435.2
Adapting To Climate and Biodiversity Change: The Case Of Large Canadian Cities

Friday, July 18, 2014: 10:45 AM
Room: F202
Oral Presentation
Louis GUAY , Laval University, Quebec, QC, Canada
Adaptation is generally thought of as a successful response to a changing situation. For the social sciences, adaptation is the outcome of a long series of deliberations, decisions and negotiations. One cannot take for granted that adaptation will normally follow changing conditions. Adaptation must be seen as a social process whose outcome is not known before hand by the actors and institutions. The paper starts with a critical examination of what adaptation is for sociology. A multidimensional model is proposed wherein adaptation is conceptualized as a process which is both controversial and cooperative and is the result of interacting actors and institutions which come to a common understanding of a problematic situation and of its solutions. To understand this process a combination of different theoretical approaches are necessary.

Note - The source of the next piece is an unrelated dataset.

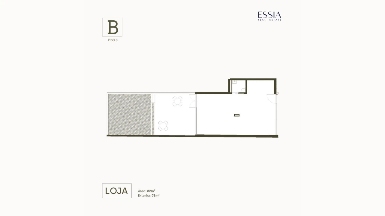 Composição e características do imóvel A loja conta com 82 m² de área interior, situada no R/C, beneficiando de fácil acessibilidade e grande exposição. Dispõe ainda de um espaço exterior de 75 m², ideal para expansão do negócio, esplanada ou zona de interação com clientes. O espaço em open space permite múltiplas configurações e adapta-se a diferentes tipos de negócios, desde comércio a prestação de serviços. A ampla frente envidraçada garante excelente luminosidade natural e reforça a visibilidade, valorizando a presença comercial e facilitando a interação com a zona envolvente. O imóvel dispõe de infraestruturas preparadas para instalação de diversos tipos de atividades, oferecendo um ambiente moderno, seguro e eficiente, integrado num edifício recente e de qualidade premium.

The overlapping elements are the following: 1) governance process where ecological uncertainty is pervasive, and where structural and social diversity has deep implications for decision-making; 2) controversy analysis, which focuses on debate on common understanding and on the choice of courses of action; 3) cultural theory to explain how people perceive and organize the changing world (natural as well as social) they live in; 4) since some, if not all, adaptation measures are likely to be innovative solutions, an understanding of how innovations are produced, diffused and adopted, even co-produced, is also important; 5), finally, one may ask to what extent models and instruments of environmental governance are sensitive to social and ecological justice. This approach will be applied to problem-definition and policy-making in adaptation to climate and biodiversity change in a selection of large Canadian cities.